Pontiac Big-Block?From what I was told a while ago, the Pontiac V-8s are all the same block from the 350 to the 455. Yet I keep seeing listings on eBay claiming the 400 is a big-block. Which is correct?Carl McCoyVia the Internet

You were right the first time, Carl. The Pontiac V-8 that was first introduced for the '55 model year has come to be known as the "traditional" Pontiac V-8 among enthusiasts, to differentiate it from "corporate" V-8s (read: Chevy) found in many Pontiac vehicles, a GM practice that began in the late '70s. All traditional Pontiac V-8s are based on the same block design, from the 326 up to the 455. This is not to say that all of these engines actually use the same block-they don't. They do, however, share external dimensions. The 421/428/455 versions are called "large-main" engines, referring to the 3.25-inch main journals these engines have as opposed to the 3-inch mains of the 400 and smaller engines.

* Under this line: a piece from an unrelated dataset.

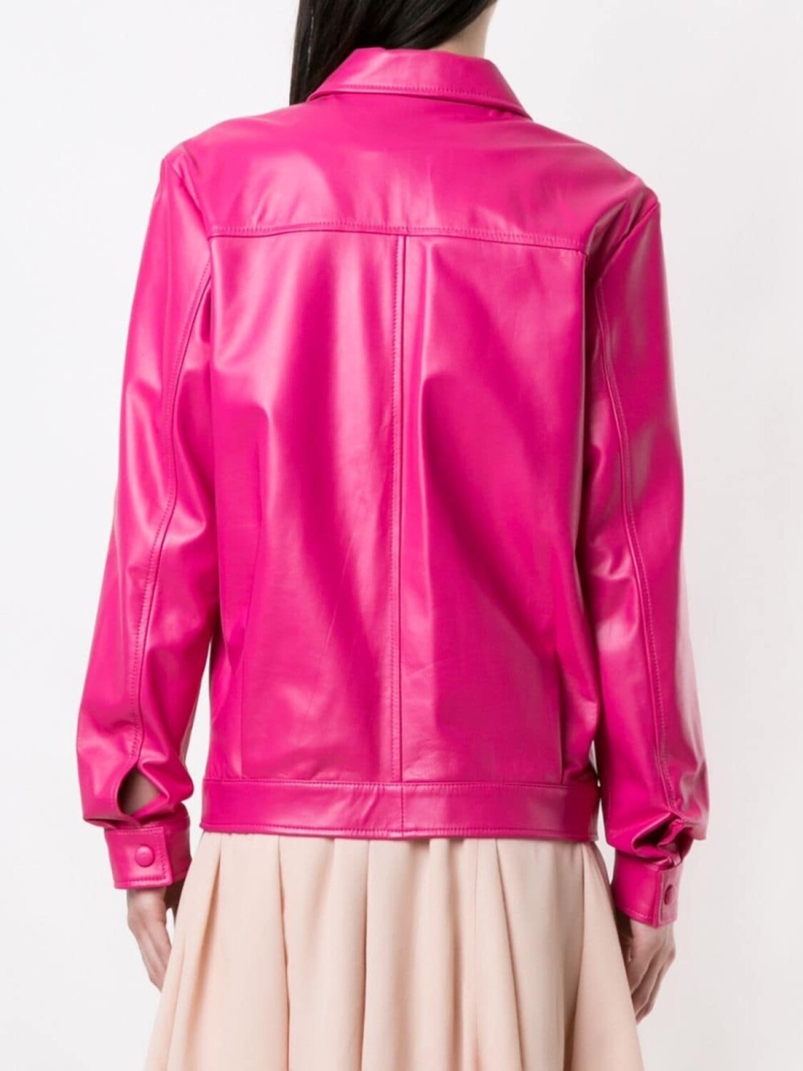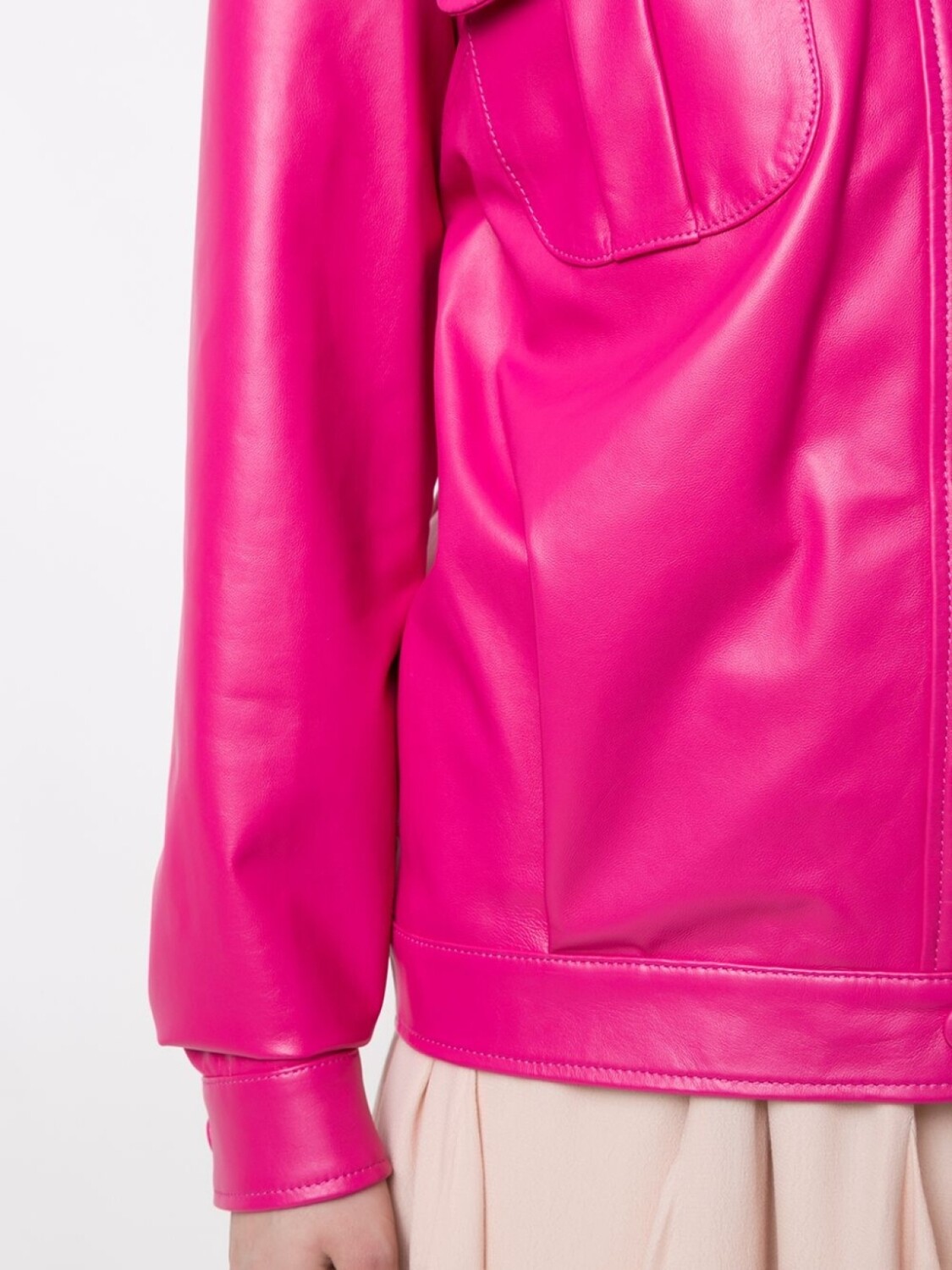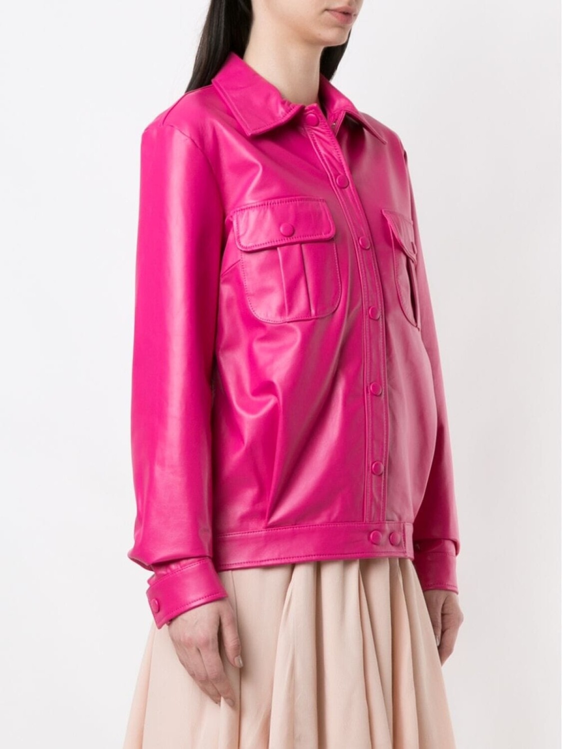 Кожаная куртка Cuir от Olympiah. Классический воротник, застежка на пуговицах спереди, длинные рукава, передние карманы с клапанами, прямой крой и подкладка. Цвет: розовый.

Engine swapping is fairly easy among Pontiac vehicles, with one primary obstacle in the motor-mount bosses-early motors have two holes per side while '70-later have five, a move made to accommodate the second-generation Firebird's engine positioning. Some oddball engines circa '73-'74 seem to have three holes, as the other two bosses were not drilled for some reason. Nunzi's Automotive in Brooklyn, New York, offers adapter brackets for those wishing to mount a pre-'70 engine in a later Firebird under part number 8070.

Score Or Scrap?I have a set of SBC heads with the casting number 10125320. How do these stack up against the Vortec heads? What size combustion chambers do these have?Greg GortonWillis, TX

The casting number you listed is for a set of '94-'96 LT1 cast-iron heads. These would have been used on the 260hp version of the 5.7L LT1 found in the Caprice, Impala SS, Buick Roadmaster, and rear-drive Cadillac. As far as the port design, the Vortec's ports were based on the Gen II LT1 design, so they are very similar. Most LT1 heads have 64cc combustion chambers used in conjunction with the flat-top pistons in the 5.7L short-block.